Quantum critical properties of Bose-Hubbard models

TL;DR

This paper investigates quantum critical properties of the Bose-Hubbard model at the Mott insulator-to-superfluid transition, using advanced numerical methods to analyze phase boundaries and correlation functions in various lattice geometries.

Contribution

It introduces a combined high-order perturbation and hypergeometric analytic continuation approach to accurately characterize phase boundaries and critical exponents in Bose-Hubbard models.

Findings

Confirmed the divergence exponent inequality for correlation functions.

Provided precise parametrizations of phase boundaries at Mott lobe tips.
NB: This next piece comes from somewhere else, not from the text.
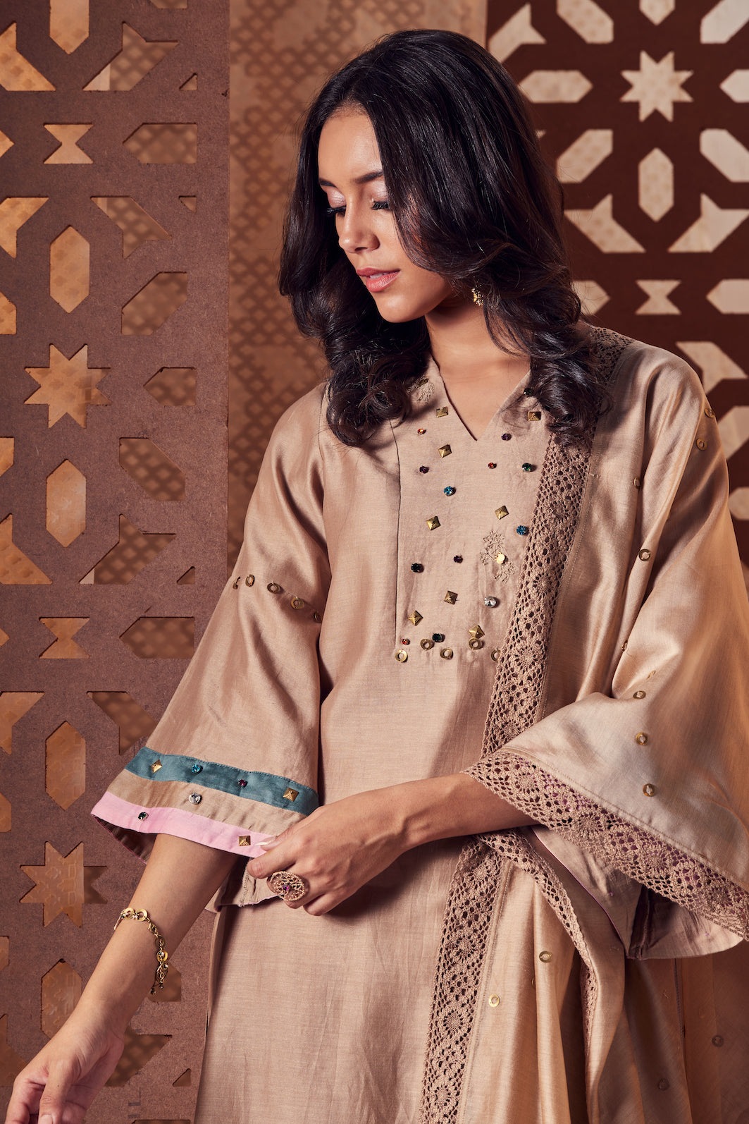With bell sleeves and embroidered yoke, this kurta set balances comfort with elegance. It features beautiful embroidery work intricately set with zari, studs and gems.

Supported the criticality condition sharpening the inequality to equality.

Abstract

The Mott insulator-to-superfluid transition exhibited by the Bose-Hubbard model on a two-dimensional square lattice occurs for any value of the chemical potential, but becomes critical at the tips of the so-called Mott lobes only. Employing a numerical approach based on a combination of high-order perturbation theory and hypergeometric analytic continuation we investigate how quantum critical properties manifest themselves in computational practice. We consider two-dimensional triangular lattices and three-dimensional cubic lattices for comparison, providing accurate parametrizations of the phase boundaries at the tips of the respective first lobes. In particular, we lend strong support to a recently suggested inequality which bounds the divergence exponent of the one-particle correlation function in terms of that of the two-particle correlation function, and which sharpens to an equality if and only if a system becomes critical.